TASK REQUIREMENTS
Within the lines below, find those that hold the string "только" and copy each one.

Stored items from a collection:

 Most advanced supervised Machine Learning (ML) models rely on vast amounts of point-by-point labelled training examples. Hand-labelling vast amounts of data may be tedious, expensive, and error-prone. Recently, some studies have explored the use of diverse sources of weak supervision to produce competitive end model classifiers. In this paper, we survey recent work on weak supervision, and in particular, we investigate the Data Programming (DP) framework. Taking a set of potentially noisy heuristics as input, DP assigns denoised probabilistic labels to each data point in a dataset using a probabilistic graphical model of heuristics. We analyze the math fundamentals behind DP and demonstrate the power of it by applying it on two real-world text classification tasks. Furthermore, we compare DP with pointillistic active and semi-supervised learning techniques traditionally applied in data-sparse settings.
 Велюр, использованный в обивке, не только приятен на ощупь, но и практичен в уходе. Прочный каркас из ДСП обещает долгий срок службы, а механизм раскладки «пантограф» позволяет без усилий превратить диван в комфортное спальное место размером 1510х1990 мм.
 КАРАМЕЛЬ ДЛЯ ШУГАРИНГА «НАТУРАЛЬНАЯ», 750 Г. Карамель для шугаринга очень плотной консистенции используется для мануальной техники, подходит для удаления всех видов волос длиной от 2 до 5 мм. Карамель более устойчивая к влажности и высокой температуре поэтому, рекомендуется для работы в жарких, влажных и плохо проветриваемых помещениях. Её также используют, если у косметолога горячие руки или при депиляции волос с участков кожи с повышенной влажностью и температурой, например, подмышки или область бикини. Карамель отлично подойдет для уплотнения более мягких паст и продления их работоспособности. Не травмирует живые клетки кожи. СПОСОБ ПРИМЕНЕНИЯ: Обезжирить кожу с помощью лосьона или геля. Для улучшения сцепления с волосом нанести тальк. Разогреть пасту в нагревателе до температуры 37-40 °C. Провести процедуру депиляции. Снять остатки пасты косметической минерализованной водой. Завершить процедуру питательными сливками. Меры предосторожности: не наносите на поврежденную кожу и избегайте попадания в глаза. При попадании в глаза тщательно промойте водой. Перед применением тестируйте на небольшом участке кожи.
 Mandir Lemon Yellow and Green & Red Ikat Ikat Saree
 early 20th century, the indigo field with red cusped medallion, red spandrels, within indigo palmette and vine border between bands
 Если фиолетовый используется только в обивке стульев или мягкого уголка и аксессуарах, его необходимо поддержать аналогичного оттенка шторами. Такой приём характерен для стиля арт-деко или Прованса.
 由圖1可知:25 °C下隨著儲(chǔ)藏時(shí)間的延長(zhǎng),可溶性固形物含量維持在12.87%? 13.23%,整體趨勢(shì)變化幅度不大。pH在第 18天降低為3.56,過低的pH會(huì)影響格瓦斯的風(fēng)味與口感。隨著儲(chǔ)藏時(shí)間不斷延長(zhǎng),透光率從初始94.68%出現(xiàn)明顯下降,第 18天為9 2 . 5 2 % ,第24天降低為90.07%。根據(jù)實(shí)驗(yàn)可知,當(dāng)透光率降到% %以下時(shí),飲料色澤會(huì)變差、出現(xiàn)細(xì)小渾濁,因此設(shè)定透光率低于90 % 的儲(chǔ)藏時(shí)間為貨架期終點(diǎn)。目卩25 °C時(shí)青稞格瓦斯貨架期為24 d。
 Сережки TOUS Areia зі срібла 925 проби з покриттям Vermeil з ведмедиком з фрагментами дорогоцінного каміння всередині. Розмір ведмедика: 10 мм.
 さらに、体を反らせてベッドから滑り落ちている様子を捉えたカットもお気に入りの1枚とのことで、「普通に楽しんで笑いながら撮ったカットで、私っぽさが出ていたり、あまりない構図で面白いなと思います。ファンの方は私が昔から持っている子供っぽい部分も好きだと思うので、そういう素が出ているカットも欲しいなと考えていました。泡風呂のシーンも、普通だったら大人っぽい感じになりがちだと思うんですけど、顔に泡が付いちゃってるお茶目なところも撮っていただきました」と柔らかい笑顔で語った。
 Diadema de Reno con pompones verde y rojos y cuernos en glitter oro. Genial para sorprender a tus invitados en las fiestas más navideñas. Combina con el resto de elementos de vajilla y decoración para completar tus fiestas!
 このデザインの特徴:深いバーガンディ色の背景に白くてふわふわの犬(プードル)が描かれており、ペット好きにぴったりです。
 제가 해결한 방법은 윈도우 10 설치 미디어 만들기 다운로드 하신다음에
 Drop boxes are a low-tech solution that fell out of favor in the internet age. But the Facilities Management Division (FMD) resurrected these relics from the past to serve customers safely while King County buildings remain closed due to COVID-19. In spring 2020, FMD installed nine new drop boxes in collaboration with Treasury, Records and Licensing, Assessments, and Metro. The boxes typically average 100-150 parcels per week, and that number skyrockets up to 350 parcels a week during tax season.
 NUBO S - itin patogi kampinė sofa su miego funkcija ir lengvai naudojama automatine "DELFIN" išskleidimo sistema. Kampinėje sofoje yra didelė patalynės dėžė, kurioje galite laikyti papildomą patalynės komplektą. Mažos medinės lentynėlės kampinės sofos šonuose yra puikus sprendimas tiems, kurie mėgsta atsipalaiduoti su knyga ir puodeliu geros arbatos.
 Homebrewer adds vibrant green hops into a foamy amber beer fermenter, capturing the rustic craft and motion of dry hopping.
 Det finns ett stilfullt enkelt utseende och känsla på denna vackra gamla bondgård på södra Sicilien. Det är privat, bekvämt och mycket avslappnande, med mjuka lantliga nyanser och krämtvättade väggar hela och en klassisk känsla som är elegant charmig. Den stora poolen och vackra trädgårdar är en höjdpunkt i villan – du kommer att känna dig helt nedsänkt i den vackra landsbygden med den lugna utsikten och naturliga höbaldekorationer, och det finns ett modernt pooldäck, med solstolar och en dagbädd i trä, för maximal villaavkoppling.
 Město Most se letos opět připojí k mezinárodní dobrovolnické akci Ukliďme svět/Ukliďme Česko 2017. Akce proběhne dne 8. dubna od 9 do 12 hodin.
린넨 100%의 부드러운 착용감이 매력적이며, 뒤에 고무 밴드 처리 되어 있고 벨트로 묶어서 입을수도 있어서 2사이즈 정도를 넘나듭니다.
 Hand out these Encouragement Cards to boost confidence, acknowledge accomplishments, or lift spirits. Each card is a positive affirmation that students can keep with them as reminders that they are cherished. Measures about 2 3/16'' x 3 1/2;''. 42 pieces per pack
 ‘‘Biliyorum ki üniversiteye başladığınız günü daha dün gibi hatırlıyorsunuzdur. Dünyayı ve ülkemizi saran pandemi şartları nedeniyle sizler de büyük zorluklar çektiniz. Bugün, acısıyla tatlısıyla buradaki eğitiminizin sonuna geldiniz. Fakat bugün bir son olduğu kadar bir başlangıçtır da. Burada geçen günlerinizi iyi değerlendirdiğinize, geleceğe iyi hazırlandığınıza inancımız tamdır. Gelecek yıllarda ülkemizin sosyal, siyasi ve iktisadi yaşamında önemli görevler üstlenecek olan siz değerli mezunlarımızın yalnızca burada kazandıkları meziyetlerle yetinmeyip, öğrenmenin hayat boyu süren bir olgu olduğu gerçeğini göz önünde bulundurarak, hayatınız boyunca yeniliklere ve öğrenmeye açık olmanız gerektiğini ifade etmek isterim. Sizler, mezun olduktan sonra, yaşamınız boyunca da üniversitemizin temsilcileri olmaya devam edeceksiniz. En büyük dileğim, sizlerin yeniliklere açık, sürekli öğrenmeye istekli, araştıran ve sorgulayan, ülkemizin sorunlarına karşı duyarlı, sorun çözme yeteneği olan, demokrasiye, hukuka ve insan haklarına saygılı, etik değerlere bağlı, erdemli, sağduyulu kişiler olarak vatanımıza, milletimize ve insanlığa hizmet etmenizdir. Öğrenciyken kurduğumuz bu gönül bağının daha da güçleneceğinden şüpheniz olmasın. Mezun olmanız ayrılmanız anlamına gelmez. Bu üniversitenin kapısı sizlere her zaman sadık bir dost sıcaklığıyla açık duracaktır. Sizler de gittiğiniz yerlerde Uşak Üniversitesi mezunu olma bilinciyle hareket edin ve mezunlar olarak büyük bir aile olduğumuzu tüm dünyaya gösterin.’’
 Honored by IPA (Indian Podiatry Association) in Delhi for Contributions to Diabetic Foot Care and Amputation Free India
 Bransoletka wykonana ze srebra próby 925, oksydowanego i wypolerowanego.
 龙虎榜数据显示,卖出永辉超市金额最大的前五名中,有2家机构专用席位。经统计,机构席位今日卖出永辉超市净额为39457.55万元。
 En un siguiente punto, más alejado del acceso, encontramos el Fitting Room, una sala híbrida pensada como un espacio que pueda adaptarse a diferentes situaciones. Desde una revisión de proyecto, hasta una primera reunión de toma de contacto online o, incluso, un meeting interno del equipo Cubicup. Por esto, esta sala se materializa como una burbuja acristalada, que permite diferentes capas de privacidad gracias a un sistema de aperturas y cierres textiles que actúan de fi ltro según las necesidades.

EXPECTED ANSWER
 Велюр, использованный в обивке, не только приятен на ощупь, но и практичен в уходе. Прочный каркас из ДСП обещает долгий срок службы, а механизм раскладки «пантограф» позволяет без усилий превратить диван в комфортное спальное место размером 1510х1990 мм.
 Если фиолетовый используется только в обивке стульев или мягкого уголка и аксессуарах, его необходимо поддержать аналогичного оттенка шторами. Такой приём характерен для стиля арт-деко или Прованса.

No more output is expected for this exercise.